Education minister
- Constituency: Kahnuwan

Personal details
- Born: April 10, 1950 Gurdaspur, Punjab, India
- Died: October 6, 2021 (aged 71) Mohali, Punjab, India
- Spouse: Amarjit Kaur ​(m. 1977)​
- Children: 4
- Website: sewasinghsekhwan.com

= Sewa Singh Sekhwan =

Indian politician (1950–2021)

Sewa Singh Sekhwan (Punjabi:ਸੇਵਾ ਸਿੰਘ ਸੇਖਵਾਂ; 10 April 1950 – 6 October 2021) was an Indian Politician and a member of Aam Aadami Party. He was one of the founding members of Shiromani Akali Dal (Taksali). He was the Education minister of Punjab under the ten-year government of Shiromani Akali Dal. He was sworn in as a cabinet minister for the second time on 26 October 2009. Sekhwan's father Ujagar Singh Sekhwan was MLA from Kahnuwan in 1977 and 1980. He was founder of a group supporting Indian minorities and Dalits front. He remained the president of Akali Dal during the Emergency in India.

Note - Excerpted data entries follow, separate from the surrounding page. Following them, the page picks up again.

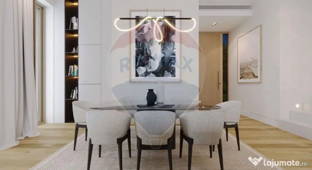 Situată în prestigiosul ansamblu Bellemonde Residence din Pipera, această vilă cu 4 camere îți oferă tot ce înseamnă un stil de viață modern, relaxat și rafinat. Cu un regim de înălțime P+1, proprietatea beneficiază de vedere directă către piscina exterioară a ansamblului și face parte dintr-o comunitate în curs de formare – una închisă, sigură și exclusivistă, ideală pentru familii sau profesioniști care apreciază intimitatea, eleganța și confortul.
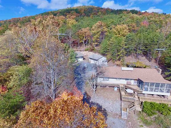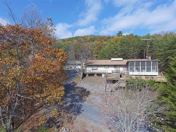 Fantastic Mountain getaway w/long frontage on Nat'l Forest, ideal for hunt camp, weekend retreat or live in privacy w/beautiful mountain views. Main house has 3 BR's, 2.5 BA, lg LR w/stone frplc surround & built-in wood-stove. Full DR & lg galley style kitchen. Great 2 level deck w/wooden hot tub, screened porch, rear patio w/outside dining & grilling area. Additionally, there is a guesthouse/club-room for the weekend guests! It has its own kitchen & full bath & attached 1 car garage. Separate 2 car garage/shop for your woodsman toys & equipment. Trails throughout the 39 acres & already set up for skeet shooting course, shooting range & hunting. Lg spring fed pond, yr round stream, over 2300 ft bordering Nat'l Forest. Property in Land Use.
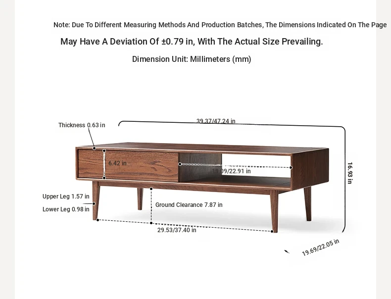 Black walnut color -39.37 ins Tea Table 2 Smoke 1 grid(39.37in * 19.69in * 16.93in)
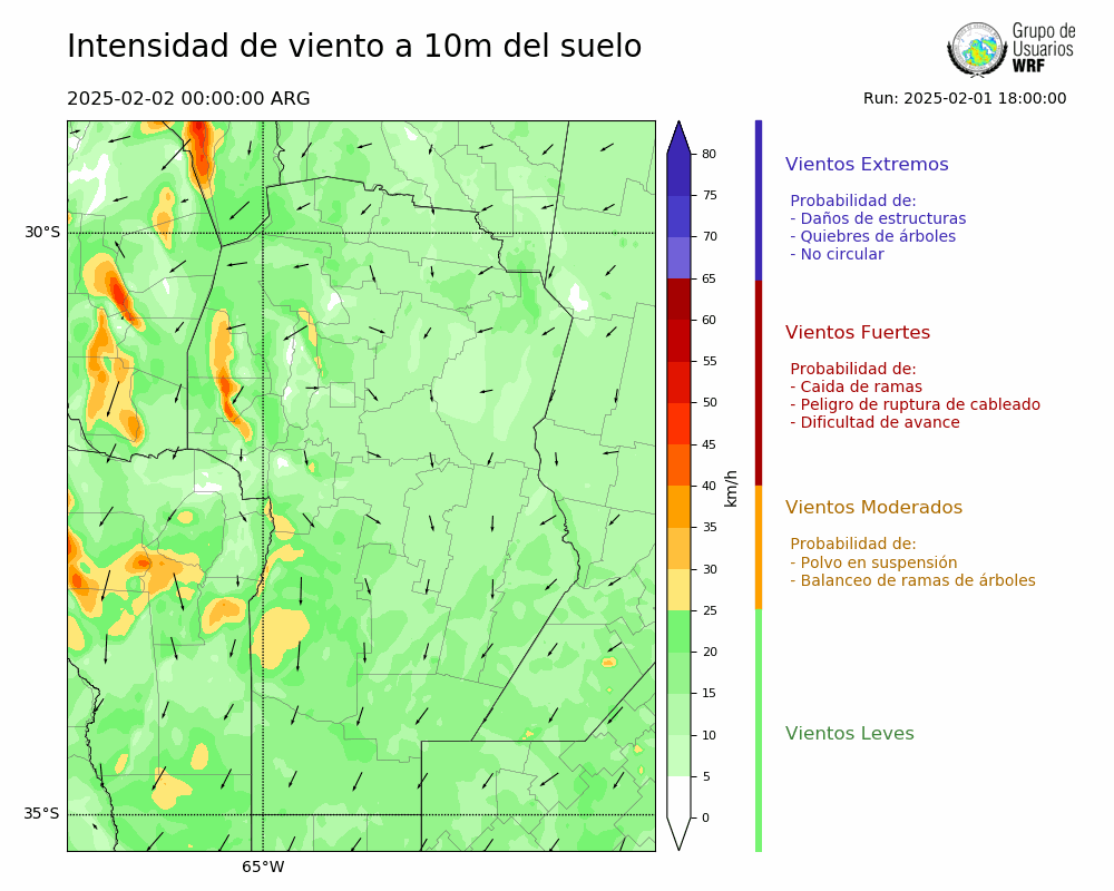 • Intensidad máxima: 17.51 km/h (03/02/2025 20hs.)
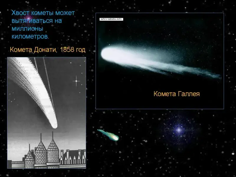Почти занимая полсвета, Загадочна, очень красива Парит над Землёю комета. И хочется думать: Откуда Явилось к нам светлое чудо? И хочется плакать, когда Оно улетит без следа. |
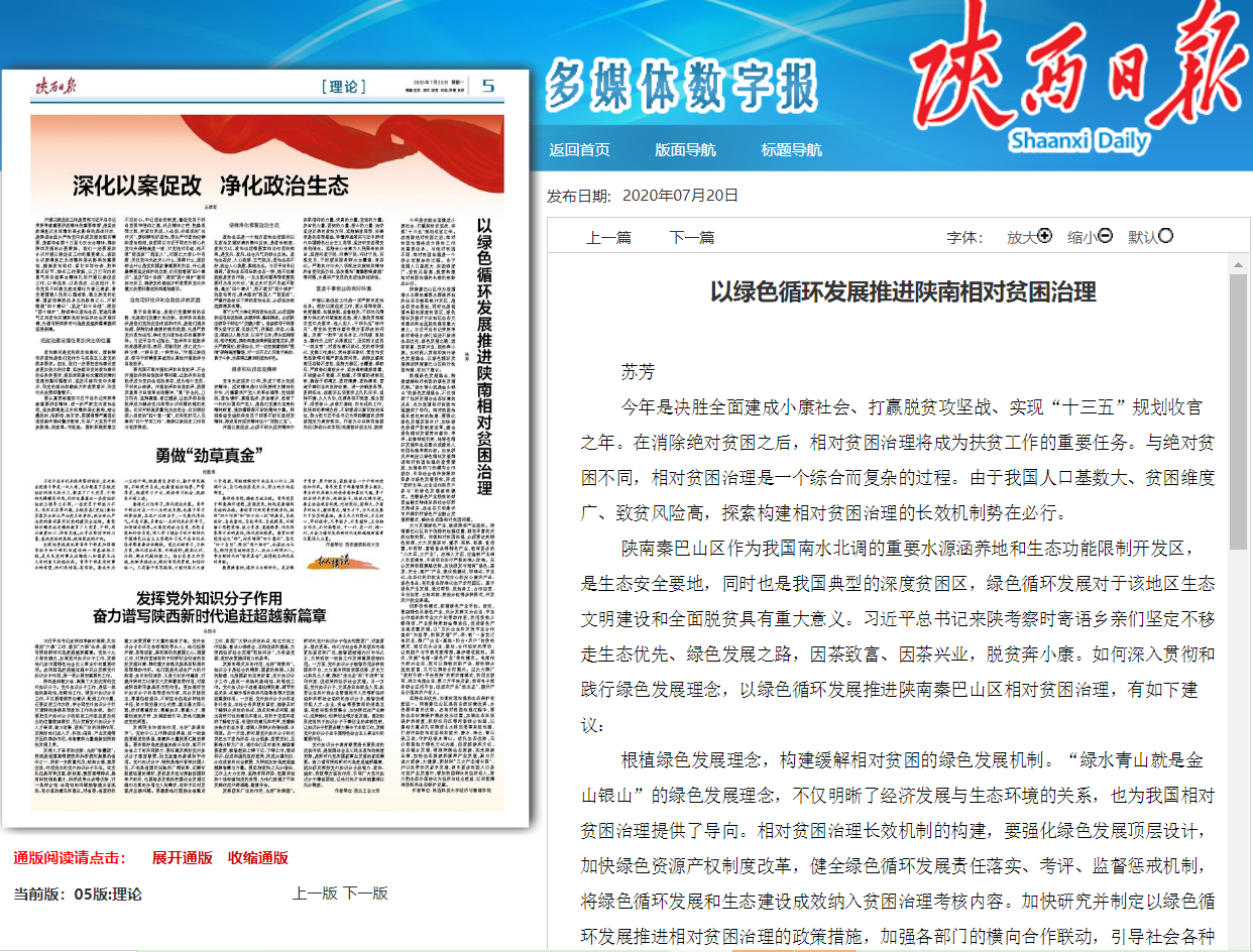 7月20日,《陕西日报》理论版刊发了金沙官网经济与管理学院苏芳教授的署名文章《以绿色循环发展推进陕南相对贫困治理》。

Sekhwan worked as a teacher for 14 years before entering politics after his father's death in 1990. Punjab chief minister Parkash Singh Badal, then SAD president encouraged him to follow his father and supported him to run for Kahnuwan assembly in Gurdaspur District. He was elected MLA in 1997 from Kahnuwan. He was made Revenue, Rehabilitation and Public Relations, Minister in the Badal government.

Sekhwan was a member of SGPC, the supreme Sikh body. Sekhwan also remained Technical Education Minister.

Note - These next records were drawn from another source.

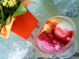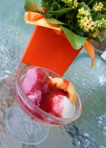 However, when we had company over, I did find a few minutes to create this lucious tart-sweet summer dessert sauce made from raspberries and rhubarb. It is a cinch make, even for Scrambled Mom-Brains, and looked beautiful served over a variety of sorbets. I just put the sorbets on a tray with scoops, let company serve themselves, and then passed the ruby red fruit sauce to allow for individual dolloping. Easy, refreshing, pretty and divinely delicious.
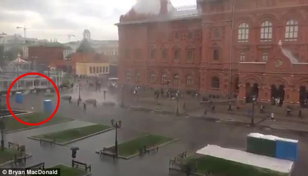 สำนักข่าวต่างประเทศ เผยแพร่คลิปวิดีโอเหตุการณ์ไม่คาดฝันขึ้น ภายหลังจากเกิดเหตุ พายุฝนและลมแรงเข้าถล่มกรุงมอสโก เมืองหลวงของประเทศรัสเซียอย่างหนัก โดยคลิปแรก ถูกโพสต์ลงทวิตเตอร์ โดยนักข่าวที่มีชื่อว่า Bryan MacDonald ซึ่งเป็นภาพของคนคนหนึ่งที่พยายามหนีออกจากสุขาเคลื่อนที่ ซึ่งถูกลมพายุพัดปลิวไปอยู่บริเวณใกล้ๆ กับจตุรัสแดง กรุงมอสโก ท่ามกลางความแตกตื่นของประชาชน
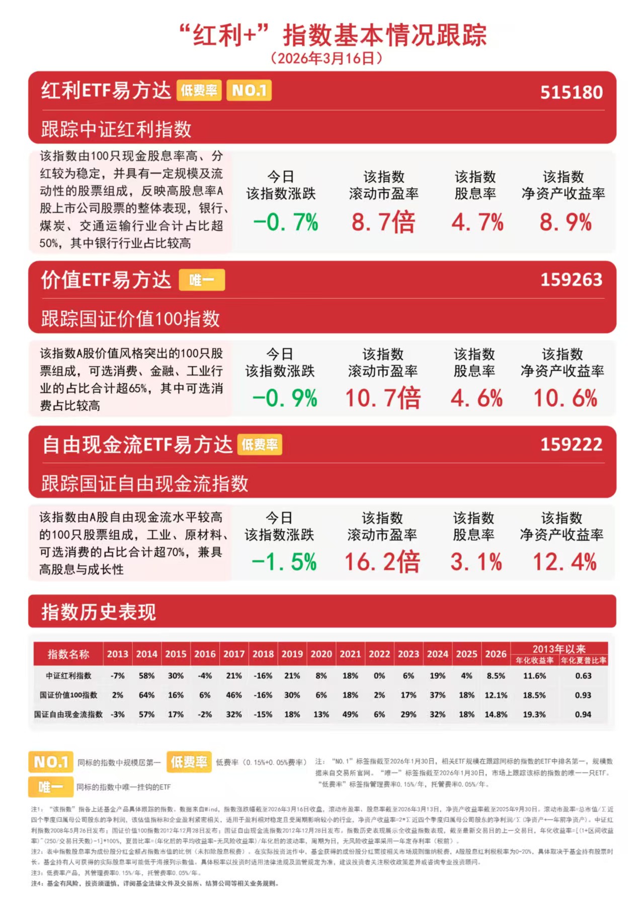 据悉,易方达基金是目前唯一一家红利类ETF全部实行0.15%/年管理费率的基金公司,可助力投资者低成本布局高股息资产。
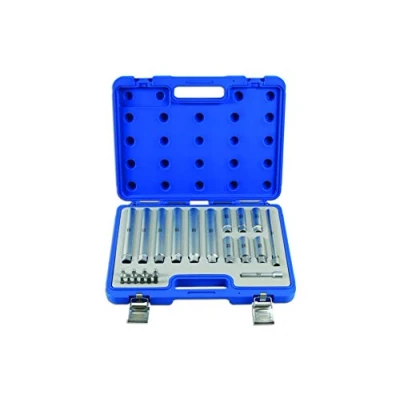 Twenty four essential tools for repairing and replacing shock absorbers. Six long sockets (80mm): 16, 17, 18, 19, 21 and 22mm; 6 extra long sockets (180mm): 16, 17, 18, 19, 21 and 22mm. Two 3/8"D adaptors: 90 and 190mm long. Six bits x 30mm long: Hex: H5, H6, H7, H8 and Star*: T50; Spline: M10. Four nut drivers: Hex: H10 and metric: 5mm, 6mm and 8mm. Set manufactured from Chrome Vanadium and the bits manufactured from S2 material.
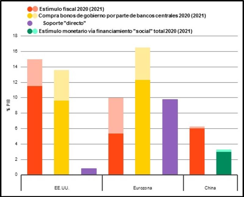 Estimaciones de apoyo fiscal y monetario en economías claves, 2020 y 2021:
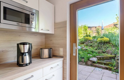 the apartment is located in a sunny, central area without through traffic Restaurants, grocery store, bakery, post office, hiking trails and the swimming pool (free entry with guest card) are all within a five-minute walk. Offenburg and Oberkirch are each 7 km away, Europa-Park Rust 30 km and Strasbourg 25 km. The apartment is an ideal starting point for excursions to the Black Forest, France or Switzerland.
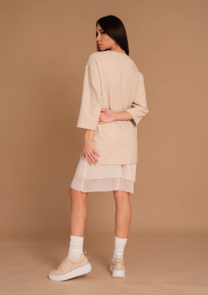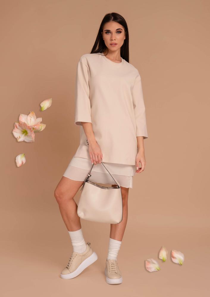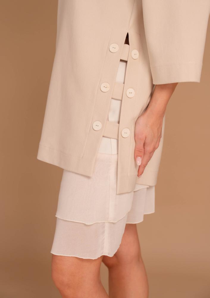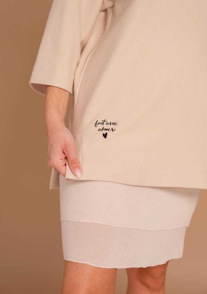 Butter colored Magenta tunic, loose fit, round neckline, 3/4 sleeves, decorated with buttons on the side. Embroidered Magenta branding on the front.
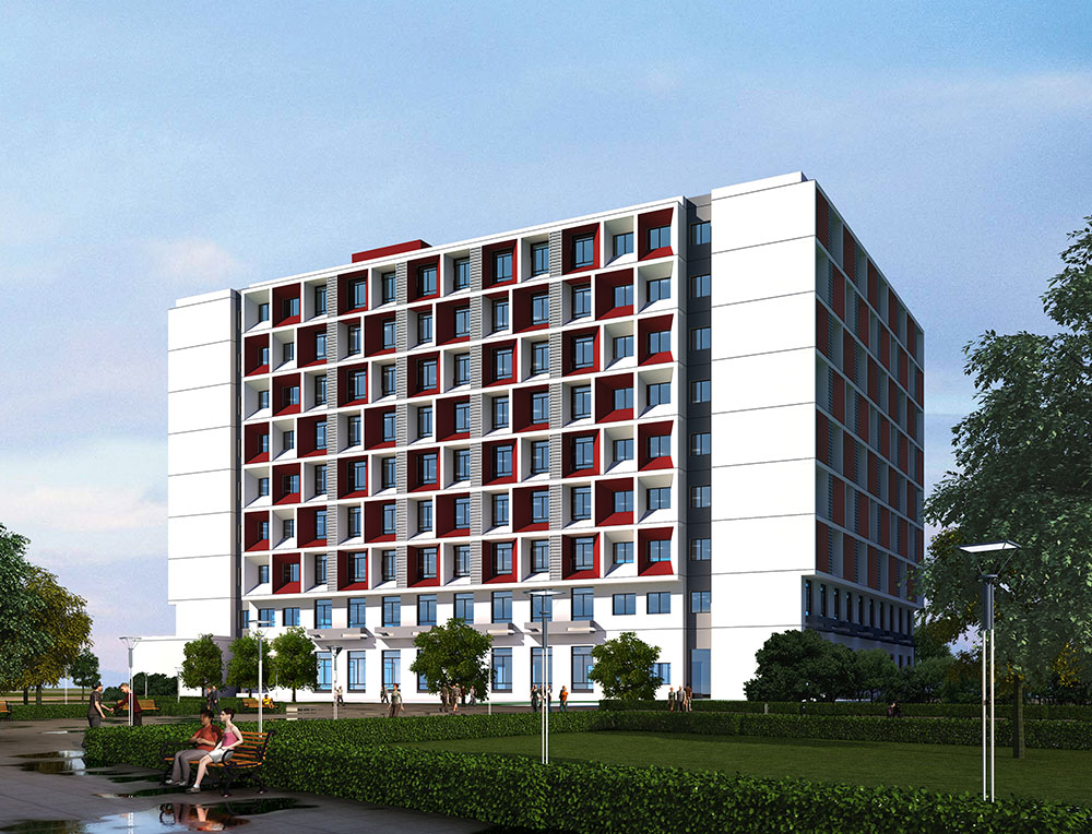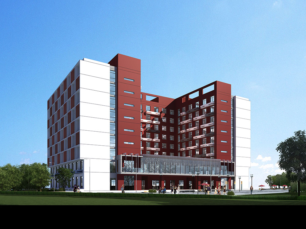 6号学生公寓位于图书馆西侧,建筑面积21119平方米,其中地上面积13600平方米,地上9层地下2层。楼内除安排学生住宿外还设置了咖啡厅学习室、学生活动室、地下车库等功能,更好的丰富学生的宿舍生活。

He had quit Shiromani Akali Dal and formed the Shiromani Akali Dal (Taksali) party with other politicians who quit Shiromani Akali Dal such as Ranjit Singh Brahmpura, Rattan Singh Ajnala, Parminder Singh Dhindsa, Sukhdev Singh Dhindsa and Harsukhinder Singh Bubby Badal. Sekhwan joined the Aam Aadmi Party in August 2021.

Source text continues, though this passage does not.